The town became a booming cow-town after the Aztec Land and Cattle Company was established in 1884. The Aztec soon became known as the Hashknife Outfit because their brand resembled the knife used by range-land “chuckwagon” cooks. The company hired cowboys of ill repute who often rode into the main commercial district branding and firing their guns.

Terrill's Cottage Saloon was a popular cowboy gathering place. According to local lore a gunfight took place in 1891 where two men were murdered. There was so much blood spilled on the floors that it looked like a "bucket of blood" and hence the saloon was renamed the Bucket of Blood Saloon. Twenty-six men were killed in what also became known as the Bucket of Blood Street.

Apache Chief Geronimo had been at war with the United States for some time, before surrendering in 1886. On September 13, 1886, some of his people were escorted by the US Cavalry to the Atlantic and Pacific Railroad Depot in Holbrook from Fort Apache and placed on a train which took them to Fort Marion in Florida where they were imprisoned.

Navajo County was split from Apache County on March 21, 1895. There had been a rivalry between the towns of Winslow and Holbrook as to who was to have the County Seat of Navajo. Holbrook received the majority of the votes. The first county sheriff was Commodore Perry Owens, a gunman who had previously served as the sheriff of Apache County. The county was the location of many of the events which occurred during the Pleasant Valley War.

Andy Blevins, a member of the Hashknife Outfit who was wanted in Texas, bragged about killing two men in the Pleasant Valley War. On September 4, 1887, Sheriff Commodore Perry Owens decided to serve Belvins with an arrest warrant. The sheriff went alone to the Belvins house and a shoot out known as the "Holbrook Shout-Out" ensued. Sheriff Owens was fired upon by the occupants of the Blevins house and, in the space of a few seconds, he killed Andy, his brother Sam and Mose Roberts.
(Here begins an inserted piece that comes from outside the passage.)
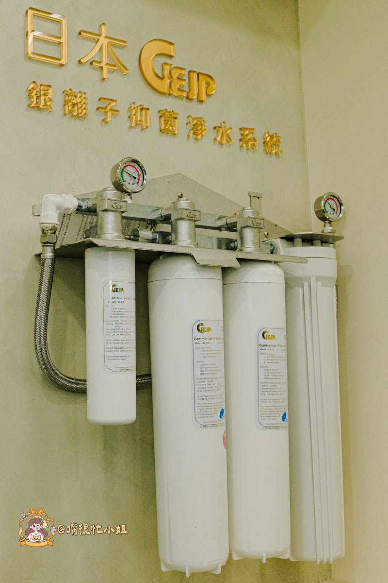 櫃台內一字排開的設備乾淨俐落,最吸睛的就是牆上那排「日本GEJP銀離子淨水系統」。這套淨水設備能有效去除雜質與異味,讓飲品入口更乾淨、無雜質。沫茗不只強調原料,連基礎用水都做到最頂。
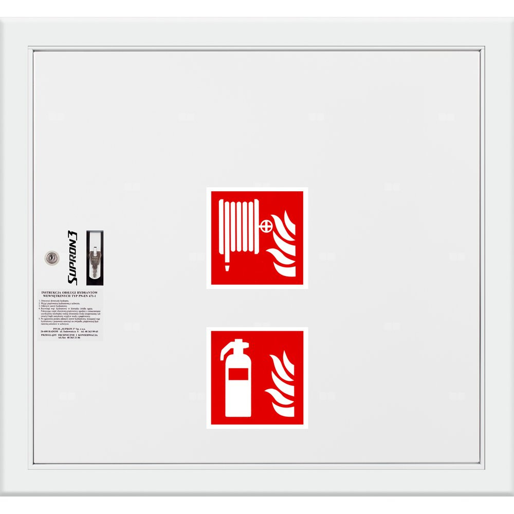 - szafka hydrantowa STANDARD wykonana z blachy czarnej malowanej farbą proszkową poliestrową fasadową typ Facade w kolorze czerwonym (RAL 3000) lub białym (RAL 9003), drzwi pełne; drzwi szafki można otworzyć o 180°

The town gained a reputation as being "Too Tough For Women or Churches". Holbrook was said to be the only county seat in the U.S. that didn't have a church. Dr. Sidney Sapp, was the Judge of the Superior Court of Navajo County. He was also, the founder of the "Holbrook News". Judge Sapp was married to Alma Sapp who protested that she will not live in a town without a church. Judge Sapp decided to collect enough funds to establish a church. The Community Church building was finally built in 1912.

Holbrook was affected by two large fires, one in 1888 and another in 1902. Both fires destroyed many of the businesses which were established in the area. Holbrook was also affected by many floods which were harder to control.

===Holbrook is incorporated===
On March 6, 1917, the City of Holbrook, which is now known as the "Gateway to the Petrified Forest", was finally incorporated. The first appointed city mayor was W. R. Scorse and the first person who was elected as mayor on May 28, 1917, was George W. Hennesey.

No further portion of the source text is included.